Two randomized controlled trials show reduction in gas by subjects taking oral alpha galactosidase.[2][3] Another study indicates alpha galactosidase may interfere with the diabetic medication acarbose.[4]
The Beano label also lists a second enzyme that can be used therapeutically, invertase.[5]
Beano was developed in 1990 by Alan Kligerman of AkPharma after research into gas-causing vegetables that had begun in 1981.[6][7] The idea for such a product was proposed at least as early as the 1780s in Benjamin Franklin's essay "A Letter To A Royal Academy".

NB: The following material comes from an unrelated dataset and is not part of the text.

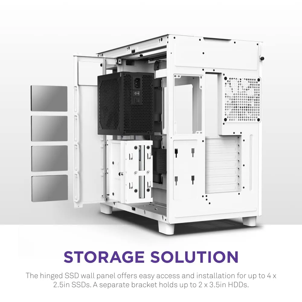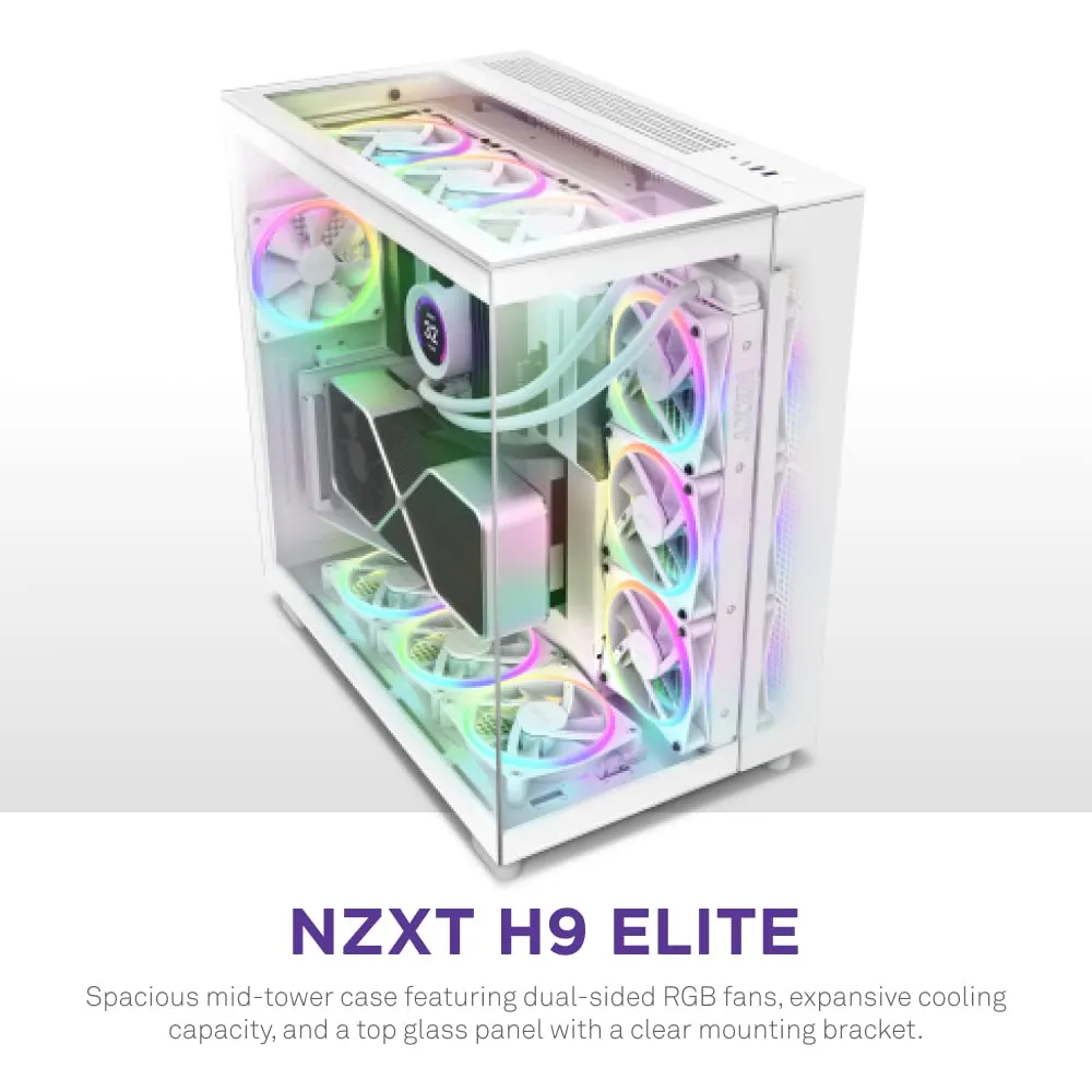 The NZXT H9 Elite is a premium mid-tower computer case designed for gamers and PC enthusiasts. With its all-white exterior and dual-chamber architecture, it combines aesthetics with exceptional airflow. This case supports various cooling options and is equipped with stunning RGB fans to enhance your build's visual appeal.

Its patent is owned by GlaxoSmithKline which acquired it in 2001 from Block Drug.[8] GlaxoSmithKline is selling Beano and 16 other brands to Prestige Brands in a deal expected to take effect in 2012.[9]
Beano received a US patent (5445957) on August 29, 1995.[10] The estimated expiration date of this patent is December 5, 2014. As of early 2013 there were more than 4 dozen competing products on the market.
Simple sugars are also produced as a consequence of the malting process that eventually produces beer. The complex sugars are not broken down by the yeast, and are eventually consumed by the beer drinker, possibly causing flatulence. Homebrewers have found that it is possible to add Beano to their brew to produce a beer that has a less malty flavor.[11] The Beano breaks the complex sugars into simple sugars, and these simple sugars are consumed by the yeast, producing alcohol (or some acetic acid in the aerobic reactions in early fermentation).